CBN Demands Recapitalisation of DFIs to Bridge N230tn Gap

CBN Demands Recapitalisation of DFIs to Bridge N230tn Gap

The Central Bank of Nigeria (CBN) has declared the country’s development finance sector critically undersized and in urgent need of a total overhaul. Speaking at the World Bank’s Nigeria Development Update in Abuja, CBN Deputy Governor Mohammed Sani Abdullahi revealed a staggering ₦230 trillion financing gap for micro, small, and medium enterprises (MSMEs). Nigeria’s current Development Finance Institutions (DFIs), including the Bank of Industry and the Development Bank of Nigeria, possess a combined asset base of just ₦8 trillion. This massive deficit leaves the backbone of the Nigerian economy without the credit necessary to drive industrial growth or job creation.

The apex bank is explicitly rejecting a return to “administratively directed credit,” where commercial banks are forced to lend to specific sectors. Abdullahi argued that such policies have historically failed because they ignore the risk appetite and independent assessments of private lenders. Instead, the CBN wants to make DFIs “bankable and investable” to attract private sector capital. The goal is to move beyond mere government bailouts toward a market-driven system that can deploy capital at a scale far beyond the reach of the public treasury.

Structural decay and poor governance currently hobble many of these institutions. High levels of non-performing loans have drained the lending capacity of agencies like the Bank of Agriculture and the Federal Mortgage Bank of Nigeria. The CBN and the Ministry of Finance, as major shareholders, are now reviewing the entire sector to correct distorted incentives and strengthen risk management. Without these reforms, officials warn that simply injecting new capital would be akin to pouring water into a leaky bucket.

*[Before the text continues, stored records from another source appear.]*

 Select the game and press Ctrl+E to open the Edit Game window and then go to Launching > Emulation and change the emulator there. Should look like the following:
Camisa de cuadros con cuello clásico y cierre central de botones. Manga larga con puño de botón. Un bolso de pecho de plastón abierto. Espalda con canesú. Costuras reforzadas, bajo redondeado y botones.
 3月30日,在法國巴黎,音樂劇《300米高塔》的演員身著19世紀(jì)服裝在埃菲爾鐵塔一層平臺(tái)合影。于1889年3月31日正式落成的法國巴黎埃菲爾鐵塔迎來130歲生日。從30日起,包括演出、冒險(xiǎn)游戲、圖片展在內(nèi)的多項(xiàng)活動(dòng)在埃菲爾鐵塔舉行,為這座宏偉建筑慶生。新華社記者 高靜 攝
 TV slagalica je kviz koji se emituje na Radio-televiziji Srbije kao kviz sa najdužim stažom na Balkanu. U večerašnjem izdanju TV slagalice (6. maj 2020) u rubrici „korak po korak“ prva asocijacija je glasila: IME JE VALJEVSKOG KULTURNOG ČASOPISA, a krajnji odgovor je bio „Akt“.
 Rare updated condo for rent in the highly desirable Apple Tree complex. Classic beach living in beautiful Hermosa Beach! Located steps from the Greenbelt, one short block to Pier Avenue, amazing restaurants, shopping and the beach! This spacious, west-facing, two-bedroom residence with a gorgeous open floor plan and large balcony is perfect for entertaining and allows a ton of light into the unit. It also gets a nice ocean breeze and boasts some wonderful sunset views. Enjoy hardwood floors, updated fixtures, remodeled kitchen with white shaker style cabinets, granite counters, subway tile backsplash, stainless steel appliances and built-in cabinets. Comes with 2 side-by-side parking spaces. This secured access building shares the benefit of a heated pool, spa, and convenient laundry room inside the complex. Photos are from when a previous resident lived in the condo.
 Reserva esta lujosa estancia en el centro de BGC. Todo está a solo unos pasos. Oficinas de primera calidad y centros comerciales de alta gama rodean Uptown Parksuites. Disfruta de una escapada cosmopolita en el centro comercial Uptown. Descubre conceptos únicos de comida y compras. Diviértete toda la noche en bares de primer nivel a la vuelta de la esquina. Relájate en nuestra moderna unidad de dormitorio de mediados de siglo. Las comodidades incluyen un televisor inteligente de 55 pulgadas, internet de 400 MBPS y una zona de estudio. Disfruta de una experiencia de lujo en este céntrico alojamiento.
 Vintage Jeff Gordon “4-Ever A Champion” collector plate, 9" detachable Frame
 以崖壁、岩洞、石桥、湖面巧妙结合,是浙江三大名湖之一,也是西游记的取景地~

Despite the credit squeeze and high interest rates, Nigerian business activity has shown surprising resilience in early 2026. The Purchasing Managers’ Index (PMI) remains above the 50-point threshold, indicating that the private sector is still expanding. This appetite for growth suggests that if the financing gap were bridged, the economic payoff would be substantial. The World Bank corroborated this view, noting that Nigeria’s external reserves and exchange rate stability have improved significantly following recent macroeconomic reforms.

The World Bank’s Lead Economist, Fiseha Haile, warned that while the “macro-fundamentals” are stronger, the economy remains vulnerable to external shocks. Global interest rates and the ongoing conflict in the Middle East threaten to raise borrowing costs and reduce foreign investment. To counter these risks, the Bank recommends keeping monetary policy tight to anchor inflation while introducing supply-side reforms. One key proposal includes reopening fuel imports to restore competition and lower the energy costs that currently handicap Nigerian manufacturers.

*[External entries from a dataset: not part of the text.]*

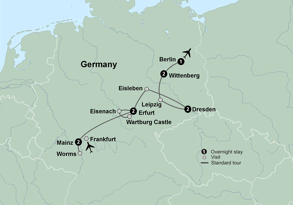 Join us as we follow in the footsteps of Martin Luther. Begin in Mainz, home to the Gutenberg Museum and famous printed Bible. Come to know Worms, and the very spot where Martin Luther refused to recant before the Imperial Diet on a guided walking tour. Visit Wartburg castle, Luther’s sanctuary after being “outlawed.” Here he spent his time translating the Bible into German. Enjoy a musical performance played on medieval instruments inside the home of Johann Sebastian Bach. Discover Leipzig’s St. Thomas Cathedral. Visit Eisleben where Luther was born and died and explore the museum inside the home he was born in. Tour the Augustinian Monastery where Luther studied, and enjoy a prayer service. Travel to Wittenberg to visit the grounds of Wittenberg University with its Luther house, the city church where Luther offered services, and the Castle Church where he set off the reformation by nailing his Ninety-Five Theses to the church door. Have services in one of the medieval churches from Luther’s time. Spend two nights in the lovely old town of Dresden along the banks of the river Elbe. Enjoy unique dinners, including a cellar dinner and a brewery tour, where you sample beers before a typical German meal. This epic journey takes you across Germany and deep into the history of Lutheranism.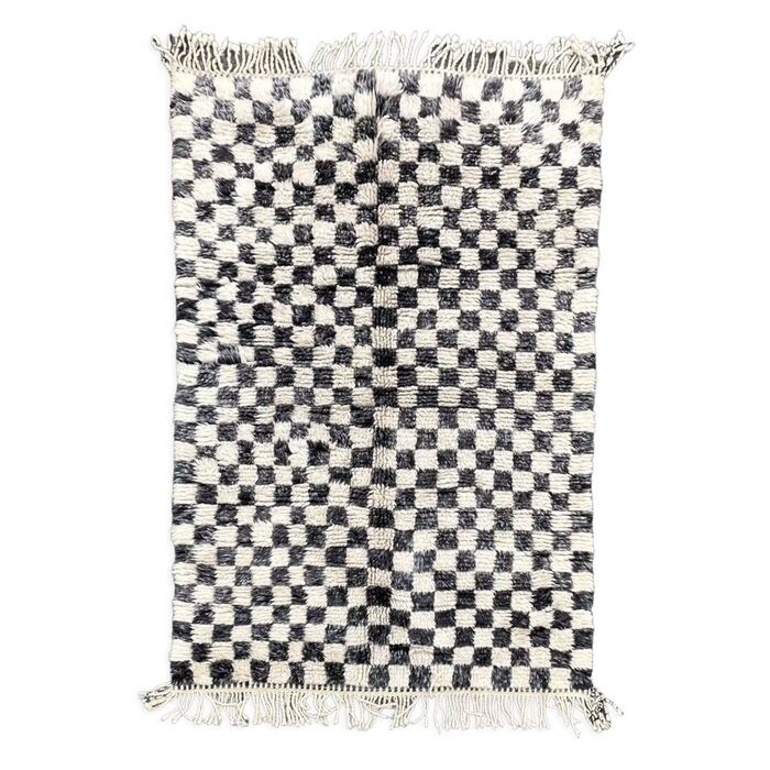 Het Beni Ouarain-tapijt is ontstaan in de bergachtige streken van de Midden-Atlas in Marokko door de Aït Ouarain-stammen. Het Beni Ouarain Marokkaanse wollen vloerkleed is geweven in een zachte en dikke natuurlijke wol. Het is nu erg populair vanwege de strakke en minimalistische stijl die het biedt en vanwege de esthetiek en het comfort dat het biedt. Een minimalistische stijl impliceert het hebben van verfijnde kleuren zoals zwart en wit of beige. Hij is het meest bekend om de kwaliteit van zijn wol en de geschiedenis van zijn stam. Ze zijn met de hand geweven en vallen op door hun grote rechthoekige afmetingen, geometrische patronen en minimalistische stijl.
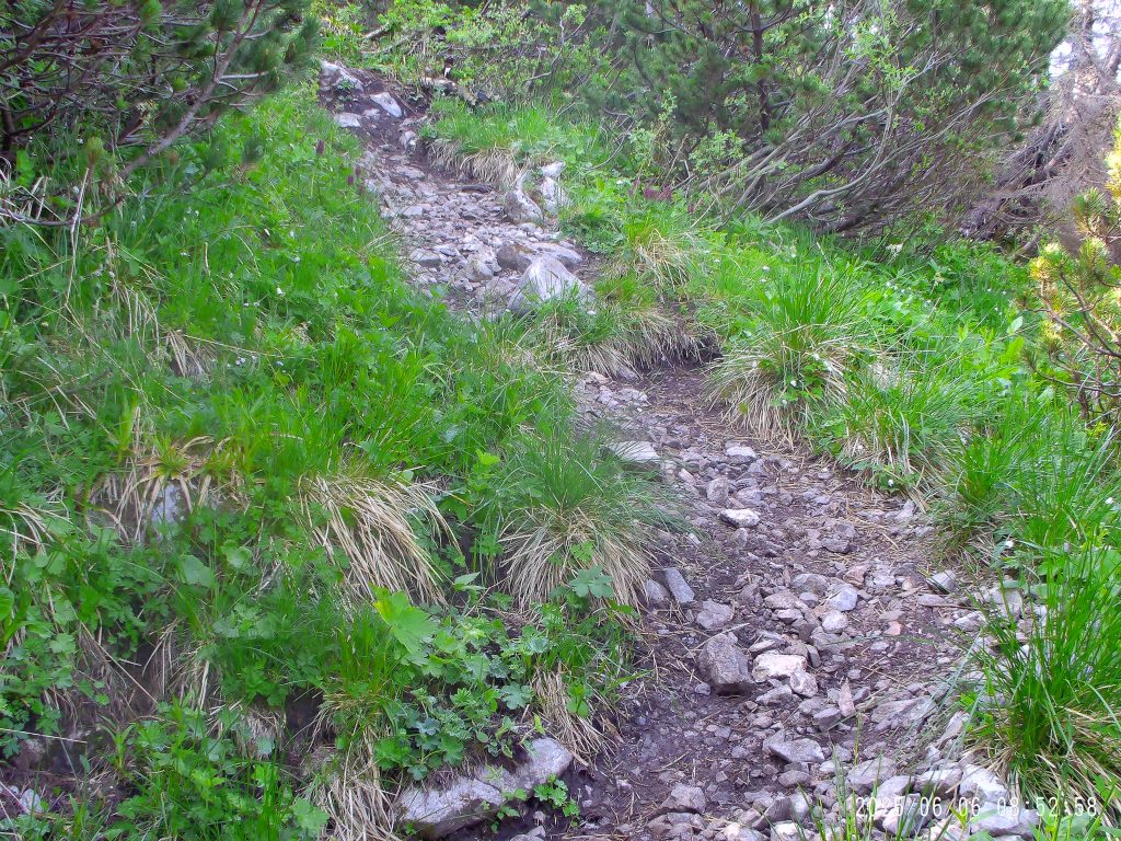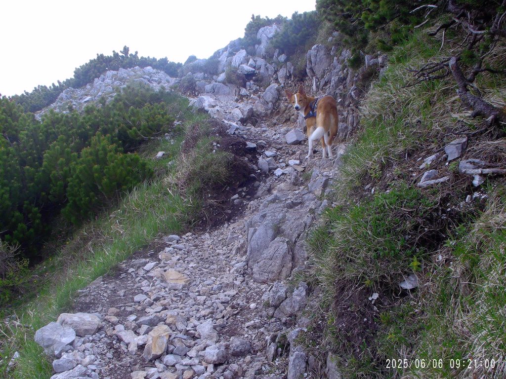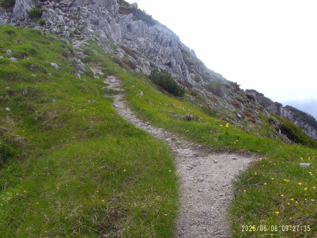 Razmeroma zložna pot nas je kmalu pripeljala na mejni greben, kjer se nam z leve priključi pot od koče na Ljubelju.

The path to closing the ₦230 trillion gap relies on a difficult transition from state-led lending to a sophisticated, private-sector-aligned development finance model. The government is betting that a more transparent and efficient DFI sector will serve as a magnet for the trillions in idle domestic and international capital. If successful, this restructuring could transform the MSME sector from a struggling survivalist tier into a primary engine of national wealth.